* **Source data**:
--- START ---
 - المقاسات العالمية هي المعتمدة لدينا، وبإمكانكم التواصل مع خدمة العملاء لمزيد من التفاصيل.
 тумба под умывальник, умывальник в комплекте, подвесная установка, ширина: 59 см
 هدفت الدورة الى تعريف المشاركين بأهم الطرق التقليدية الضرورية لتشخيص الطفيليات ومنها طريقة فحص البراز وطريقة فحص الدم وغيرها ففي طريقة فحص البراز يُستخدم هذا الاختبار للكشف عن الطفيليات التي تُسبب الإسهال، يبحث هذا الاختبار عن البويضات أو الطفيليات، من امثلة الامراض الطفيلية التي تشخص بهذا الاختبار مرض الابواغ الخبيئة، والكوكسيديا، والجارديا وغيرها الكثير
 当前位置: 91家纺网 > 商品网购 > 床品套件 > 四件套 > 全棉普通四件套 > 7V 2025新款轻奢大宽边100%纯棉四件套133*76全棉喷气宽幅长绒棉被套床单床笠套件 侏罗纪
--- END ---
--- START ---
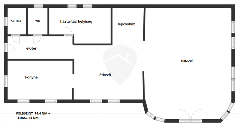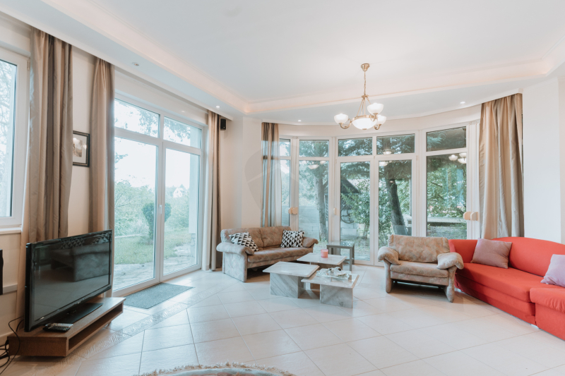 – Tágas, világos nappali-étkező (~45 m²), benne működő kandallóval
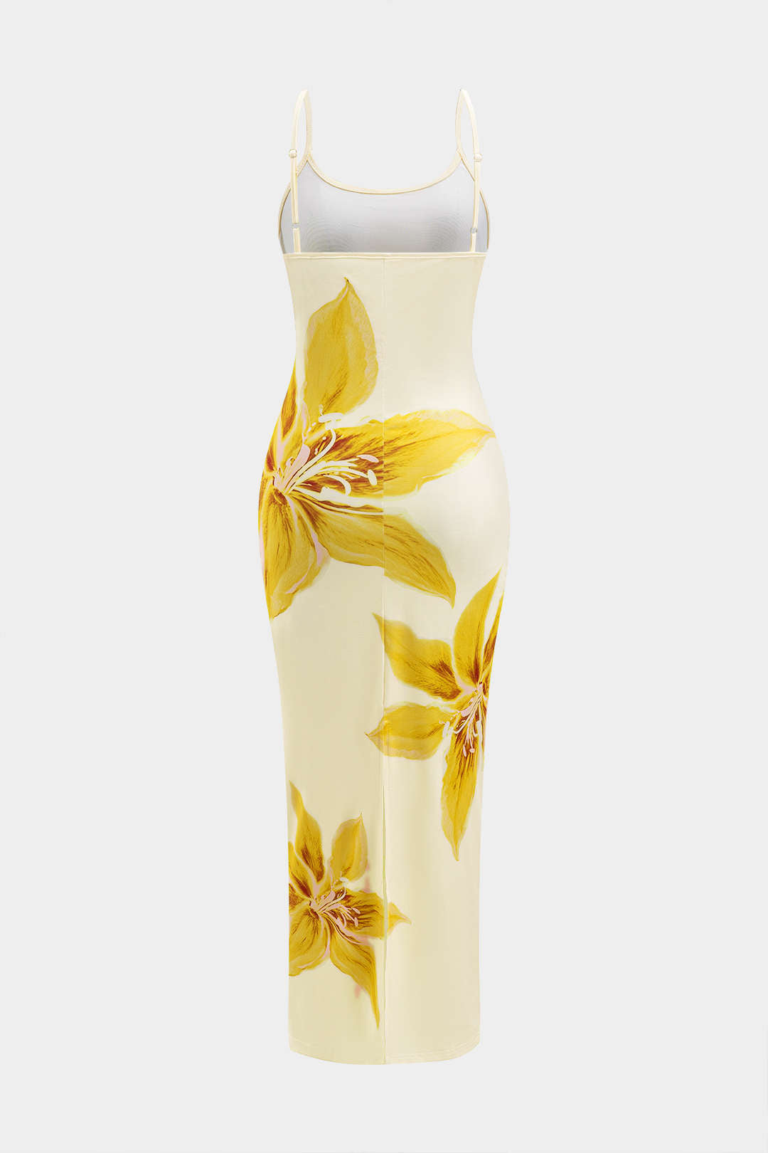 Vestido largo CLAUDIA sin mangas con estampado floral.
--- END ---
--- START ---
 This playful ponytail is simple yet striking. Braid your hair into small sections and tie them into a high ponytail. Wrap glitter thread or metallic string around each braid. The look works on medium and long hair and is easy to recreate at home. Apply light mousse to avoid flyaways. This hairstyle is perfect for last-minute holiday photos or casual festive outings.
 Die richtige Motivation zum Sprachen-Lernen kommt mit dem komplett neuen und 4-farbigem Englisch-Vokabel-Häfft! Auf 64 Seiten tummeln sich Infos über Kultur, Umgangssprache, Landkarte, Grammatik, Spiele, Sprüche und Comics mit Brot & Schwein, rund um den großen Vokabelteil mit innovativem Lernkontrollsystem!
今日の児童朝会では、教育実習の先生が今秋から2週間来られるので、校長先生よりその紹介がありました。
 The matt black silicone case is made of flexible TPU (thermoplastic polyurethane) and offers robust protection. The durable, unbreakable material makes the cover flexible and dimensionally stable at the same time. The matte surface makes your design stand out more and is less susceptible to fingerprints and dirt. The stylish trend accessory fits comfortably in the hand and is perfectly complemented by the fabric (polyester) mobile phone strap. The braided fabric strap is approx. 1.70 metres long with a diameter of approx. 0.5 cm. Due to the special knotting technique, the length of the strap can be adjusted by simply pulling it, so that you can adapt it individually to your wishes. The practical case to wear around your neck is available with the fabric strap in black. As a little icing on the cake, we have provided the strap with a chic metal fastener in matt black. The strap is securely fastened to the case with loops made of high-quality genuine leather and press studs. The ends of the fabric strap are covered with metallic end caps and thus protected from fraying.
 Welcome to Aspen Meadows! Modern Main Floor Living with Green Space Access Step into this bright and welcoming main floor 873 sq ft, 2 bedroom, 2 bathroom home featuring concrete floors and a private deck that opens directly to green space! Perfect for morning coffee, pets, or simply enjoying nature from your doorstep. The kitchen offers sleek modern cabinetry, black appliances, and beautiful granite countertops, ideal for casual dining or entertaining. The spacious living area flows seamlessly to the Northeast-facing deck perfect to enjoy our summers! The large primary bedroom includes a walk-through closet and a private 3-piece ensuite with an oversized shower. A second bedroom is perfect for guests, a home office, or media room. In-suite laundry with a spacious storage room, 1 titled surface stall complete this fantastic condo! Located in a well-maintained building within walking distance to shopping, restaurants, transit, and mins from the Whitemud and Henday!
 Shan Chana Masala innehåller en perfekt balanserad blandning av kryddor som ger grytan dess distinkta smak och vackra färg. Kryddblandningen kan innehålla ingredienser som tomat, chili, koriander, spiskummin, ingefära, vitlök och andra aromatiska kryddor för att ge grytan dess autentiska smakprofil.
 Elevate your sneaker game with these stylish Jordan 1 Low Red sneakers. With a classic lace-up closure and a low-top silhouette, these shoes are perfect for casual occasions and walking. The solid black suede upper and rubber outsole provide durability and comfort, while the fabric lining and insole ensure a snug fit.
--- END ---
* **Exercise objective**: Return exactly, and only, the lines above starting at the line that contains "тумба под умывальник, умывальник" and ending at the line that contains "当前位置: 91家纺网 >".

* **Your solution**:
 тумба под умывальник, умывальник в комплекте, подвесная установка, ширина: 59 см
 هدفت الدورة الى تعريف المشاركين بأهم الطرق التقليدية الضرورية لتشخيص الطفيليات ومنها طريقة فحص البراز وطريقة فحص الدم وغيرها ففي طريقة فحص البراز يُستخدم هذا الاختبار للكشف عن الطفيليات التي تُسبب الإسهال، يبحث هذا الاختبار عن البويضات أو الطفيليات، من امثلة الامراض الطفيلية التي تشخص بهذا الاختبار مرض الابواغ الخبيئة، والكوكسيديا، والجارديا وغيرها الكثير
 当前位置: 91家纺网 > 商品网购 > 床品套件 > 四件套 > 全棉普通四件套 > 7V 2025新款轻奢大宽边100%纯棉四件套133*76全棉喷气宽幅长绒棉被套床单床笠套件 侏罗纪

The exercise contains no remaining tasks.